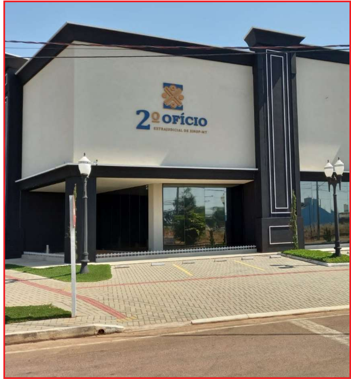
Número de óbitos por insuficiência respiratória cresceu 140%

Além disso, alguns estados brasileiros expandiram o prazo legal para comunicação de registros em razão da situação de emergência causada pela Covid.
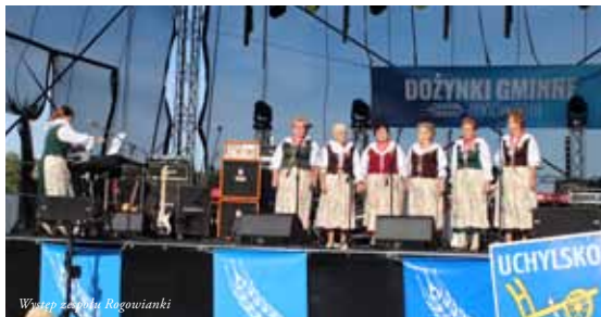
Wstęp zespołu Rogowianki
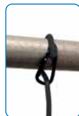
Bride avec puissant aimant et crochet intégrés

* * *

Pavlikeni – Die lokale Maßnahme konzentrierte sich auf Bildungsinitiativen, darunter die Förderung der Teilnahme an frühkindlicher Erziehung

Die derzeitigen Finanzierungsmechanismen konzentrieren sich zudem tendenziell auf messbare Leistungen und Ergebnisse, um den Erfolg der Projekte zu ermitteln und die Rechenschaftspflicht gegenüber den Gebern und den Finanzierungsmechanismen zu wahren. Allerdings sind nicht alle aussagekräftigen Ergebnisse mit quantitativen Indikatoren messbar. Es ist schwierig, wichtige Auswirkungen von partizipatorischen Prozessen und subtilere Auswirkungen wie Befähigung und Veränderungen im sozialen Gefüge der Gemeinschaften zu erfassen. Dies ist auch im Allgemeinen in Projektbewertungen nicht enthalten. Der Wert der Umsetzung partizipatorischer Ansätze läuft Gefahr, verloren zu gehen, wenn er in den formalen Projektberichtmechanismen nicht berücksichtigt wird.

■ Activity: Among the records above, locate the line containing "Além disso, alguns" and the line containing "Bride avec puissant", then transcribe exactly the lines starting at the first and ending at the second, with no pictures.

■ Exercise answer:
Além disso, alguns estados brasileiros expandiram o prazo legal para comunicação de registros em razão da situação de emergência causada pela Covid.
Wstęp zespołu Rogowianki
Bride avec puissant aimant et crochet intégrés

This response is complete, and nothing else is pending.